TASK DESCRIPTION – Could you please repeat the entries below word for word, with the images left out?

DATA FOR ANALYSIS –
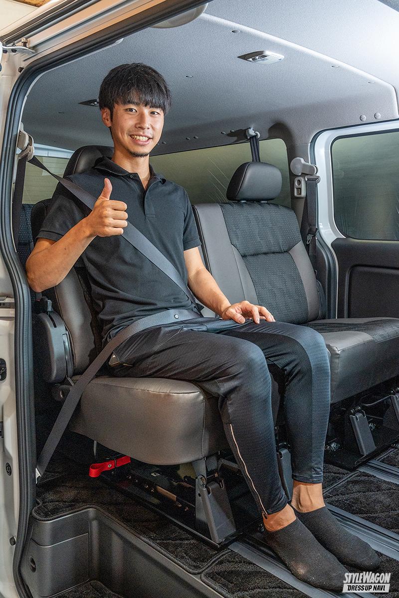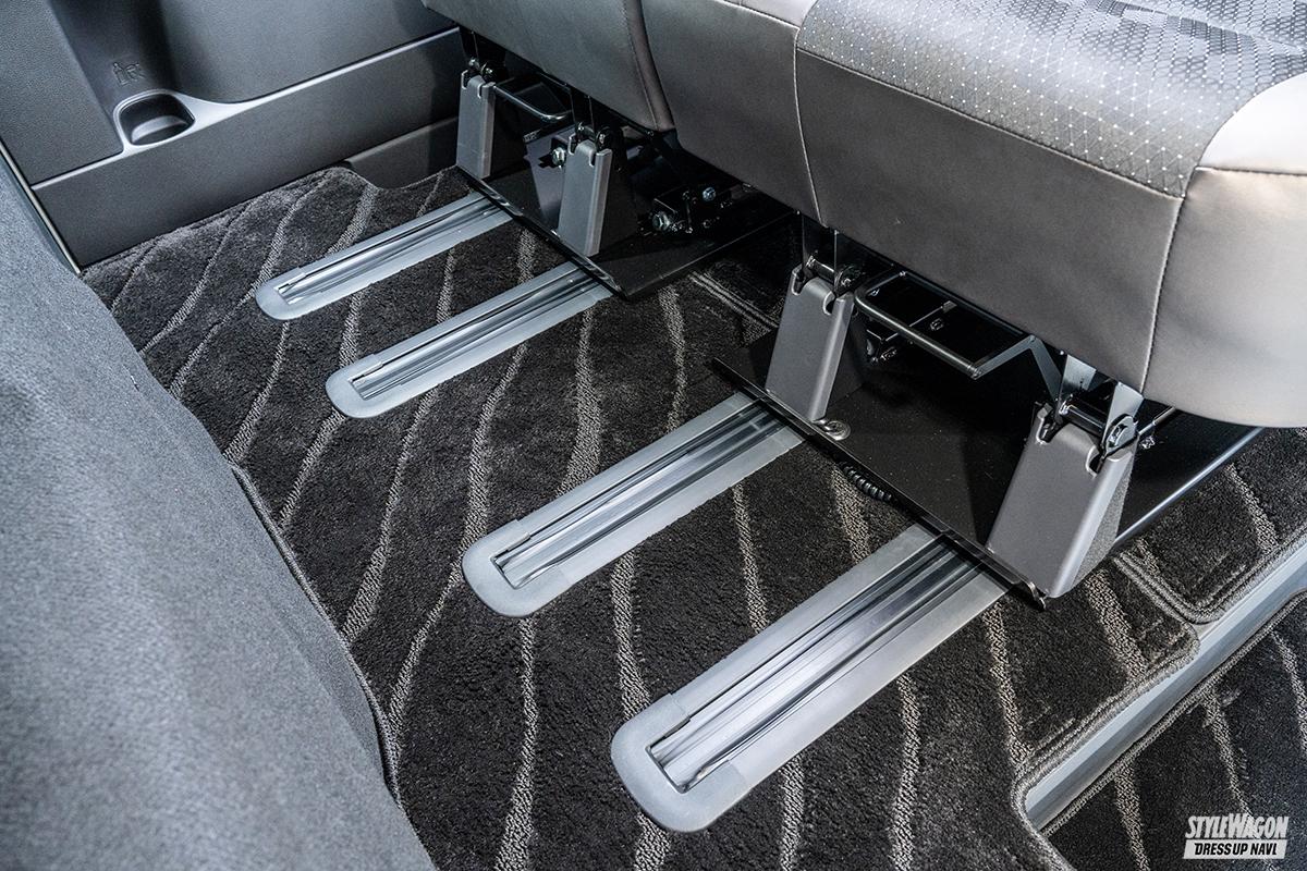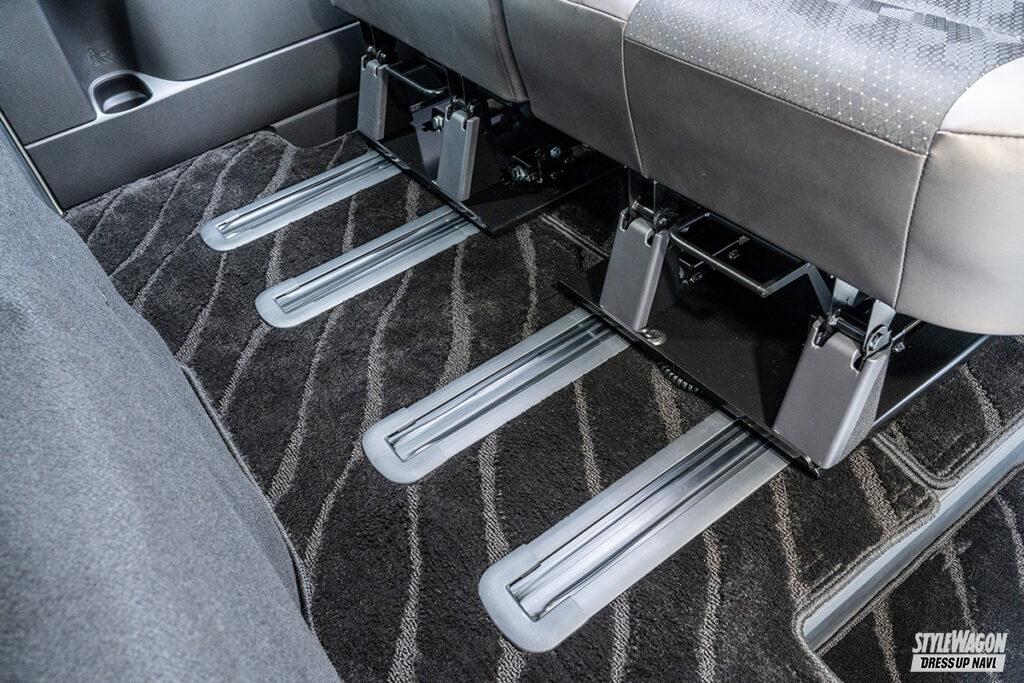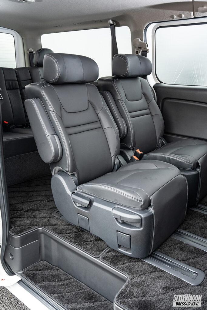 ハイエース用で高い実績を誇るステルスは、キャラバン用の展開にもチカラを入れる。1&4ナンバーの貨物車を3&5ナンバーの乗用車へと正規登録するために開発した3列シートは、厳正なテストを繰り返して独自に開発したものだから安全性や信頼性も高く、その快適性の高さへの定評は満点だ。
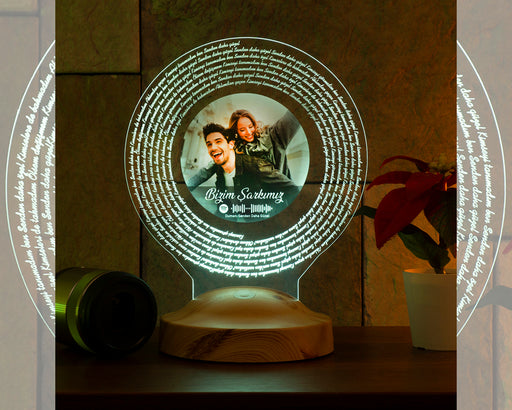 Tüm ayrıntıları görüntüleSpotify Kodlu Kendi Fotoğrafın ve Tüm Şarkı Sözü ile Led Lamba Şarkı Metinli ve İsimli Kişiye Özel Plak Formlu Fotoğraflı Kişiselleştirilmiş Hediye
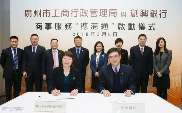 (香港 — 2018年3月8日) 创兴银行今日与广州巿工商行政管理局(「工商局」)在创兴银行香港总部签署「商事服务『穗港通』合作协议」,代表着广州巿外商投资商事服务「跨境通」正式在香港开启,也标志着创兴银行跨境客户服务更进一步。
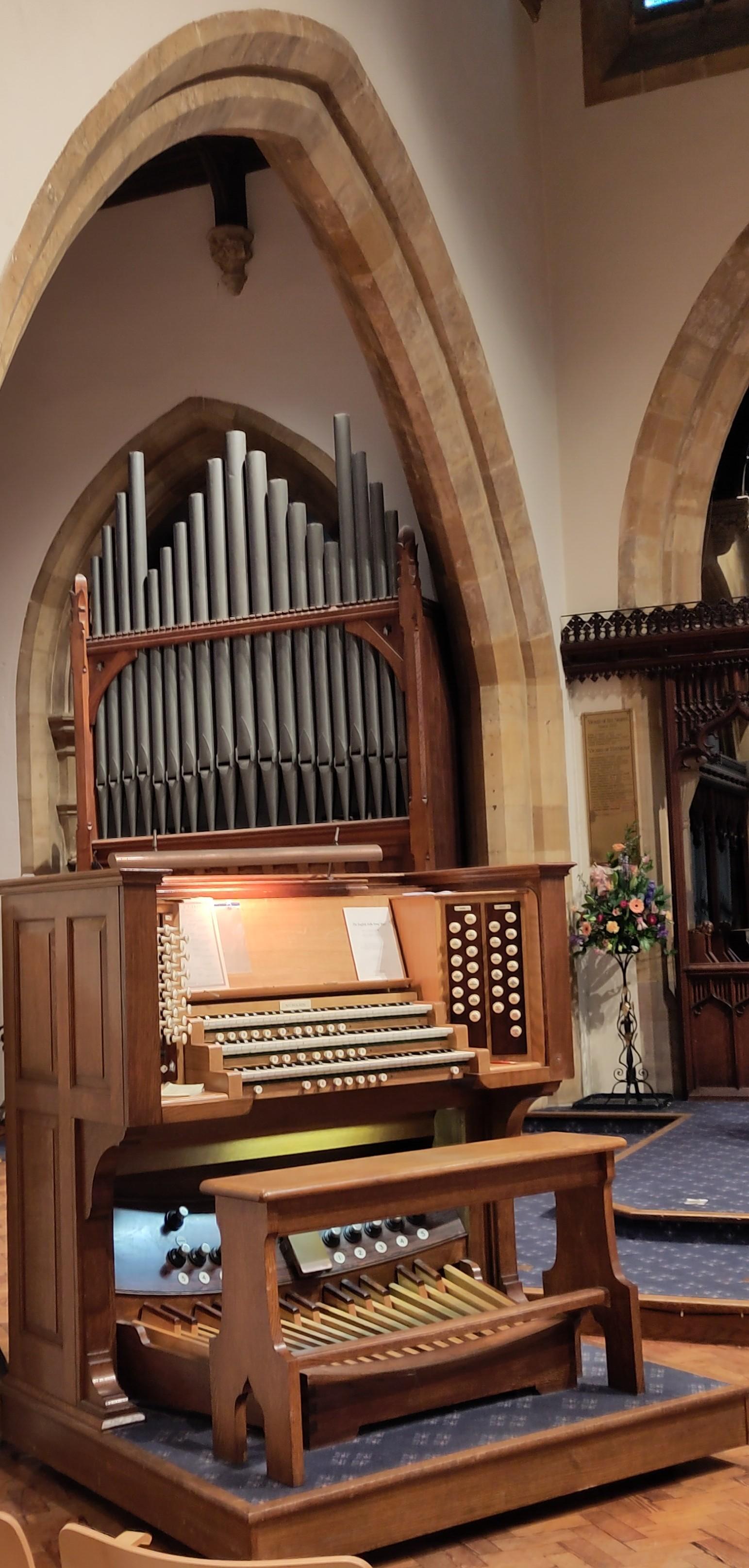 We had reason to stay two days in Evesham. Shane had bought tickets to go to a concert. We had listened to snippets on line and decided he sounded interesting. In the meantime on our wanderings, we had seen that there was also a free concert in the All Saints Church. Shane decided he had other things to do, but I went along. It was the unusual combination of an organist and a soprano. The organist, Gus Orchard, introduced the pieces and the soprano, Sheilagh Armit joined him for some of the repertoire. What a mighty instrument the organ is, such variety a good deal more than Ivor's three notes! While this one was not hugely decorative, it was unusually positioned centrally in the church, near the altar, where the organist could easily be seen playing and all the stops and foot pedals are fully on display.
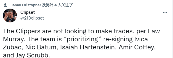 据报道,快船没有进行交易的打算,他们将优先考虑续约祖巴茨、巴特勒、哈滕施泰因、科菲和杰伊-斯克鲁布;新赛季,小卡将会伤愈归来,携手乔治带队再次冲击总冠军。
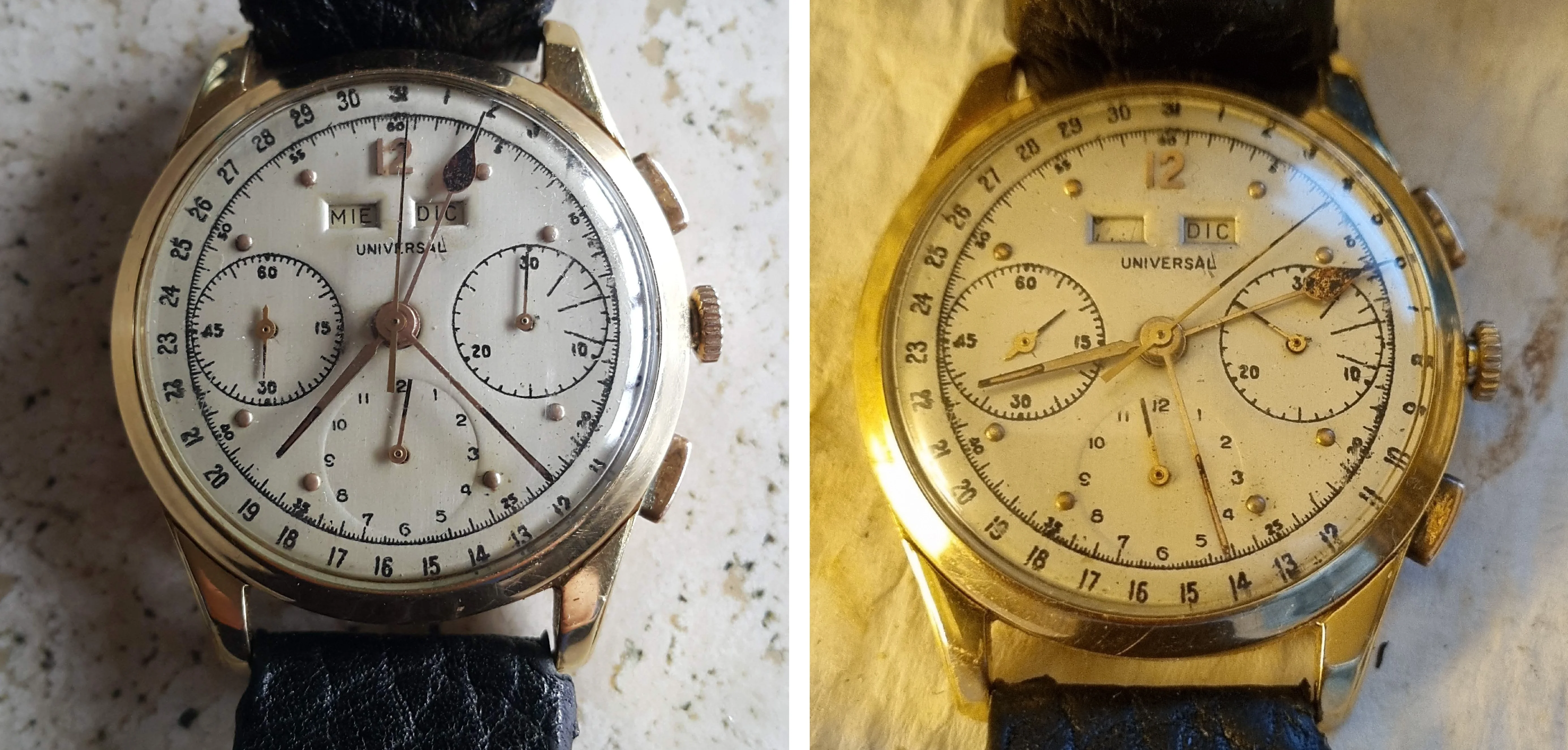I am seeking historical information on a very early Universal Genève Triple Calendar Chronograph that has a peculiar mix of components. I am trying to determine if this is a documented factory assembly or a later repair/frankenwatch.
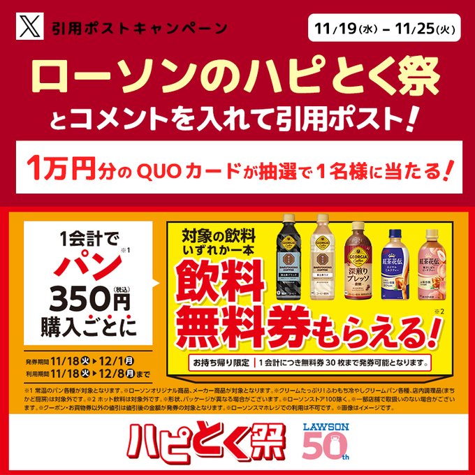 【X懸賞】QUOカード10,000円分を1名様にプレゼント 2025.11.23ローソン‐プレゼントキャンペーン 賞品:QUOカード10,000円分(1名様) 締切:2025年11月25日(火)①@akiko_lawsonをフォロー ②「ローソンのハピとく祭」とコメントを入れて引用ポスト※詳細はキャンペーンページにてご確認ください。応募はこちらから
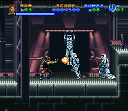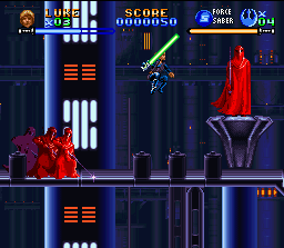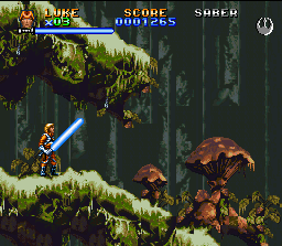 Voici la conclusion de la trilogie de jeux Snes consacrée à Star Wars. Ce dernier épisode ne change pas la recette et utilise toujours comme ingrédient principal des phases d'action / plate-forme efficaces avec des héros vus de profil, saupoudrés de scènes en fausses 3D ou on conduit des vaisseaux comme le Faucon Millenium ou encore les célèbres motos volantes dans la forêt des Ewoks. Malheureusement, le développeur n'est pas parvenu à rendre ces scènes "bonus" plus intéressantes qu'elles ne l'étaient dans les jeux précédents. On se concentrera donc sur les phases d'action/plate-forme dans lesquelles les personnages peuvent toujours sauter, effectuer des double-sauts ou des glissades, et soit frapper avec une arme au contact (le sabre laser pour Luke bien sur), soit tirer dans toutes les directions au blaster. Dès les 1ers niveaux (enfin dès le second, puisqu'on débute avec une phase en mode 7 soporifique qui fait craindre le pire pour la suite) on peut choisir entre plusieurs personnages se jouant un peu différemment.
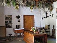 This house is the first period house in the museum complex and is furnished according to the period c. 1709. The house was built in August 1707 by Sebastian Schreuder, who was a German messenger of the court of the Dutch East India Company.[1] This modest pioneer cottage has a thatched roof and clay floor. The house has some unusual windows as glass was a rare commodity and had to be imported from Holland. The colonists therefore developed a system of stretching linen or gauze tightly over a frame and using beeswax or similar substances to seal the cloth against the elements. During a hard downpour, the housewife simply closed the outside shutters; in fine weather the catches were released, the whole frame was lifted out, and fresh air was let in.[2] The house was declared a monument in 1974 and is currently listed as a Grade II Western Cape provincial heritage site.[3]
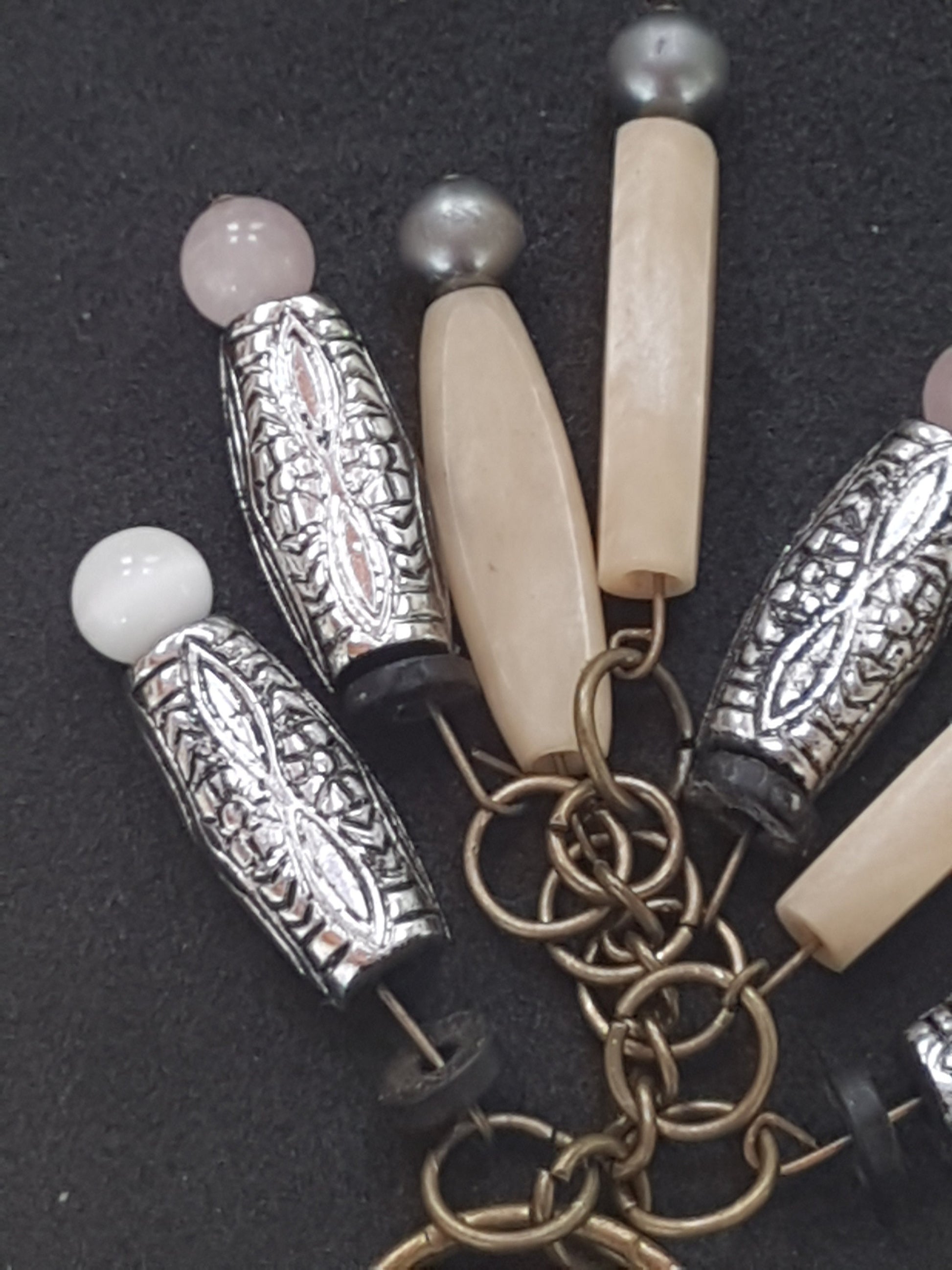 This is a gorgeous little keychain which features a bronze chain, silver, cream, pink and grey resin pendant items and beads.
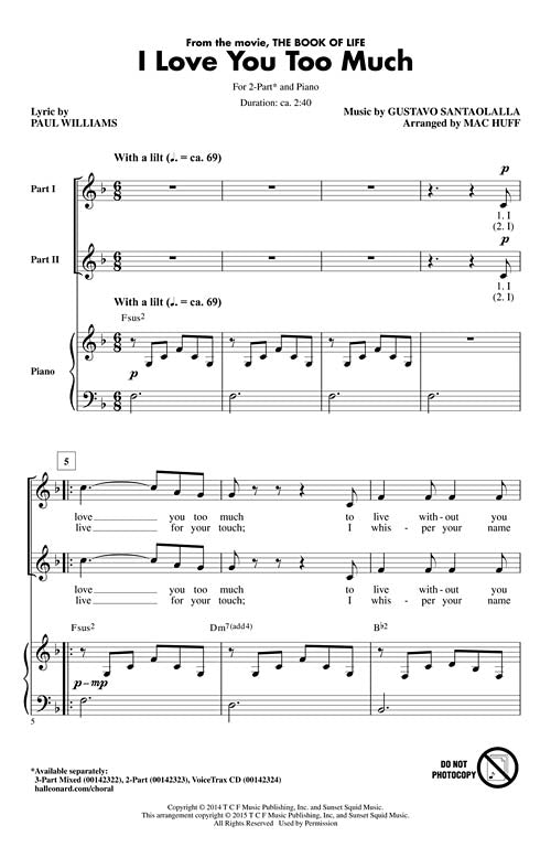 The simple, uncomplicated beauty of this Spanish-flavored song offers younger singers a chance to develop a sense a phrasing and tone. From the animated film The Book of Life, this sweet song describes the feelings of the two main characters, Manolo and Maria.
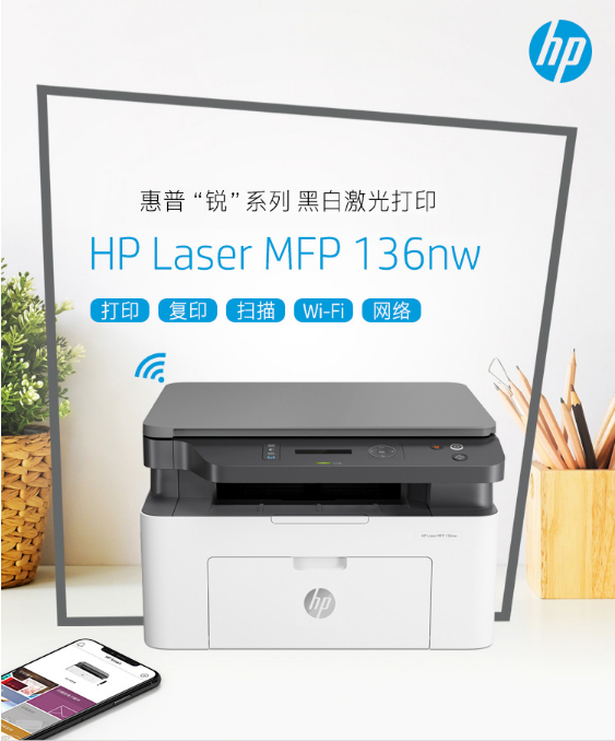 惠普(HP) 136nw黑白多功能一體機(jī)復(fù)印掃描辦公(三合一+有線/無線連接)
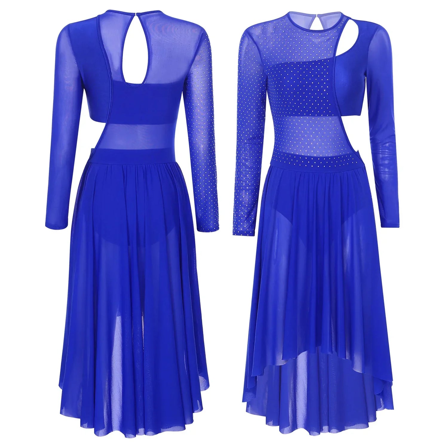 Womens Ballet Lyrical Dance Dress Shiny Rhinestone Sheer - Royal Blue A / S / VIP Price is backordered and will ship as soon as it is back in stock.

SOLVED PROBLEM –
 ハイエース用で高い実績を誇るステルスは、キャラバン用の展開にもチカラを入れる。1&4ナンバーの貨物車を3&5ナンバーの乗用車へと正規登録するために開発した3列シートは、厳正なテストを繰り返して独自に開発したものだから安全性や信頼性も高く、その快適性の高さへの定評は満点だ。
 Tüm ayrıntıları görüntüleSpotify Kodlu Kendi Fotoğrafın ve Tüm Şarkı Sözü ile Led Lamba Şarkı Metinli ve İsimli Kişiye Özel Plak Formlu Fotoğraflı Kişiselleştirilmiş Hediye
 (香港 — 2018年3月8日) 创兴银行今日与广州巿工商行政管理局(「工商局」)在创兴银行香港总部签署「商事服务『穗港通』合作协议」,代表着广州巿外商投资商事服务「跨境通」正式在香港开启,也标志着创兴银行跨境客户服务更进一步。
 We had reason to stay two days in Evesham. Shane had bought tickets to go to a concert. We had listened to snippets on line and decided he sounded interesting. In the meantime on our wanderings, we had seen that there was also a free concert in the All Saints Church. Shane decided he had other things to do, but I went along. It was the unusual combination of an organist and a soprano. The organist, Gus Orchard, introduced the pieces and the soprano, Sheilagh Armit joined him for some of the repertoire. What a mighty instrument the organ is, such variety a good deal more than Ivor's three notes! While this one was not hugely decorative, it was unusually positioned centrally in the church, near the altar, where the organist could easily be seen playing and all the stops and foot pedals are fully on display.
 据报道,快船没有进行交易的打算,他们将优先考虑续约祖巴茨、巴特勒、哈滕施泰因、科菲和杰伊-斯克鲁布;新赛季,小卡将会伤愈归来,携手乔治带队再次冲击总冠军。
I am seeking historical information on a very early Universal Genève Triple Calendar Chronograph that has a peculiar mix of components. I am trying to determine if this is a documented factory assembly or a later repair/frankenwatch.
 【X懸賞】QUOカード10,000円分を1名様にプレゼント 2025.11.23ローソン‐プレゼントキャンペーン 賞品:QUOカード10,000円分(1名様) 締切:2025年11月25日(火)①@akiko_lawsonをフォロー ②「ローソンのハピとく祭」とコメントを入れて引用ポスト※詳細はキャンペーンページにてご確認ください。応募はこちらから
 Voici la conclusion de la trilogie de jeux Snes consacrée à Star Wars. Ce dernier épisode ne change pas la recette et utilise toujours comme ingrédient principal des phases d'action / plate-forme efficaces avec des héros vus de profil, saupoudrés de scènes en fausses 3D ou on conduit des vaisseaux comme le Faucon Millenium ou encore les célèbres motos volantes dans la forêt des Ewoks. Malheureusement, le développeur n'est pas parvenu à rendre ces scènes "bonus" plus intéressantes qu'elles ne l'étaient dans les jeux précédents. On se concentrera donc sur les phases d'action/plate-forme dans lesquelles les personnages peuvent toujours sauter, effectuer des double-sauts ou des glissades, et soit frapper avec une arme au contact (le sabre laser pour Luke bien sur), soit tirer dans toutes les directions au blaster. Dès les 1ers niveaux (enfin dès le second, puisqu'on débute avec une phase en mode 7 soporifique qui fait craindre le pire pour la suite) on peut choisir entre plusieurs personnages se jouant un peu différemment.
 This house is the first period house in the museum complex and is furnished according to the period c. 1709. The house was built in August 1707 by Sebastian Schreuder, who was a German messenger of the court of the Dutch East India Company.[1] This modest pioneer cottage has a thatched roof and clay floor. The house has some unusual windows as glass was a rare commodity and had to be imported from Holland. The colonists therefore developed a system of stretching linen or gauze tightly over a frame and using beeswax or similar substances to seal the cloth against the elements. During a hard downpour, the housewife simply closed the outside shutters; in fine weather the catches were released, the whole frame was lifted out, and fresh air was let in.[2] The house was declared a monument in 1974 and is currently listed as a Grade II Western Cape provincial heritage site.[3]
 This is a gorgeous little keychain which features a bronze chain, silver, cream, pink and grey resin pendant items and beads.
 The simple, uncomplicated beauty of this Spanish-flavored song offers younger singers a chance to develop a sense a phrasing and tone. From the animated film The Book of Life, this sweet song describes the feelings of the two main characters, Manolo and Maria.
 惠普(HP) 136nw黑白多功能一體機(jī)復(fù)印掃描辦公(三合一+有線/無線連接)
 Womens Ballet Lyrical Dance Dress Shiny Rhinestone Sheer - Royal Blue A / S / VIP Price is backordered and will ship as soon as it is back in stock.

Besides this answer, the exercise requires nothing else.